To evaluate the accuracy of emerging fast and affordable genetic testing technologies that will enable medical treatments tailored to individual patients, scientists need a known DNA sequence. NIST’s reference materials provide benchmark genomes to ensure the accuracy of new, high-throughput DNA tests.
NIST provides human genome reference materials to help laboratories using the latest fast, inexpensive gene sequencers determine the accuracy of their equipment, DNA processing and data analysis. The U.S. Food and Drug Administration used this reference material to approve one of the first commercially available, next-generation DNA sequencers for clinical use, making precision medicine more accessible.

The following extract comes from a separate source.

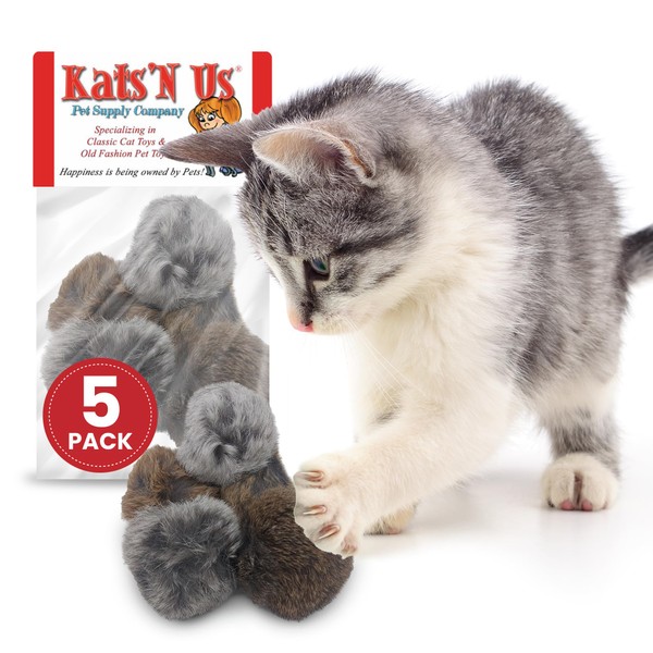 Kats'N Us 2 Inch Real Rabbit Fur Pom Pom Cat Toys – Pack of 5 Soft Gray Furry Balls, Natural Prey-Like Interactive Play, Hunting Instinct Exercise & Training Toys for Indoor Cats

NIST introduced the world’s first human genome reference material for next-generation gene sequencers in 2015. This genome was sequenced more than a dozen times by laboratories using different technologies, processing protocols and data analysis techniques. By testing the genome so many times, NIST made sure the sequence was accurate enough to be used as a benchmarking tool for medical and research labs.

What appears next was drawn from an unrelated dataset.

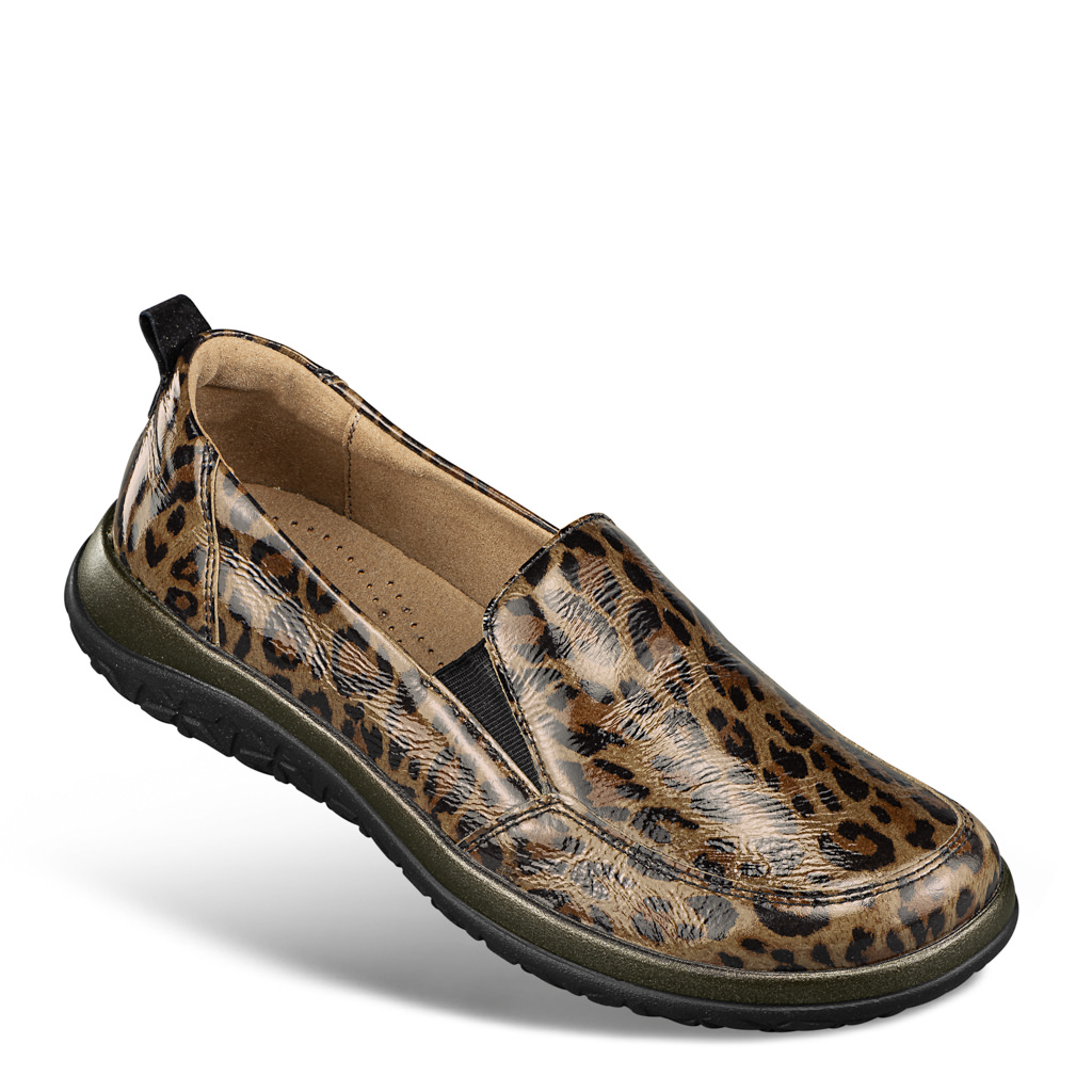 Klassiek in zwart suède of lakleer in luipaard-look? Luxe instapper in de elastische strobelmaakwijze van zacht geitenleer met textiel voering en elastische zones. Dempende comfort-motion-zool vansoft-light-PU met uitneembaar voetbed.

NIST began this work at the request of gene sequencing market leaders, now members of the NIST-hosted Genome in a Bottle Consortium. NIST now offers three additional human genome reference materials to help testing laboratories assess their ability to measure genetic links within families and compare genes from people with different lineages. These reference materials also give companies reliable data to guide innovation in hardware, software and clinical research.